Start of Block

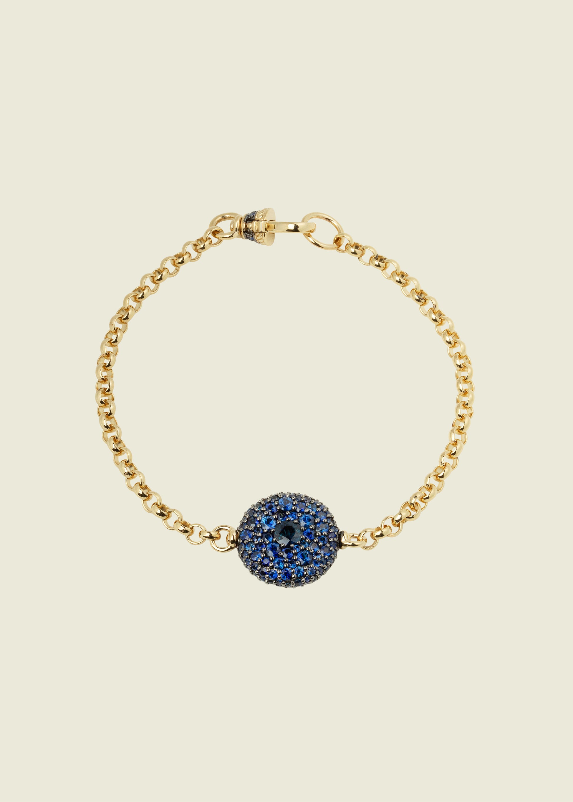 14kt yellow gold Victorian set blue sapphire pavé pocket watch bracelet in antique finish black rhodium with belcher chain and Albert clip clasp set with a delicate row of blue sapphires. 18cm total length.
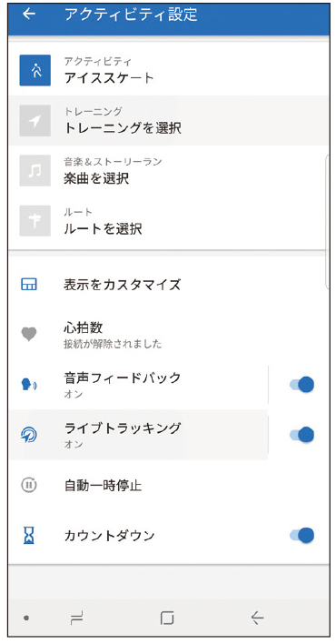 計測開始前に、ランニングやウオーキングなどの運動の種類や、目標とする距離なども設定しておける。画面はAndroid。
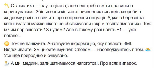 «Опять накручивается паника и раздаются угрозы в адрес населения — мол, во всем виноваты нарушители санитарного режима, которые не носят масок, подходят близко друг к другу, плохо моют руки… Друзья с настороженностью переспрашивают: действительно ли это так? Что там в больнице? Правда ли, что стало хуже? Смотрю я на все это с удивлением и понимаю, как на глазах происходит умелая манипуляция и искажение фактов. Как из обычных вещей создается проблема. И все последствия потом ложатся на плечи граждан, — написал, в частности, врач в Facebook.

End of Block

◆ **WHAT TO PRODUCE**: Drop every image, please, and write out the data above exactly as shown.

◆ **ANSWER SPACE**:
 14kt yellow gold Victorian set blue sapphire pavé pocket watch bracelet in antique finish black rhodium with belcher chain and Albert clip clasp set with a delicate row of blue sapphires. 18cm total length.
 計測開始前に、ランニングやウオーキングなどの運動の種類や、目標とする距離なども設定しておける。画面はAndroid。
 «Опять накручивается паника и раздаются угрозы в адрес населения — мол, во всем виноваты нарушители санитарного режима, которые не носят масок, подходят близко друг к другу, плохо моют руки… Друзья с настороженностью переспрашивают: действительно ли это так? Что там в больнице? Правда ли, что стало хуже? Смотрю я на все это с удивлением и понимаю, как на глазах происходит умелая манипуляция и искажение фактов. Как из обычных вещей создается проблема. И все последствия потом ложатся на плечи граждан, — написал, в частности, врач в Facebook.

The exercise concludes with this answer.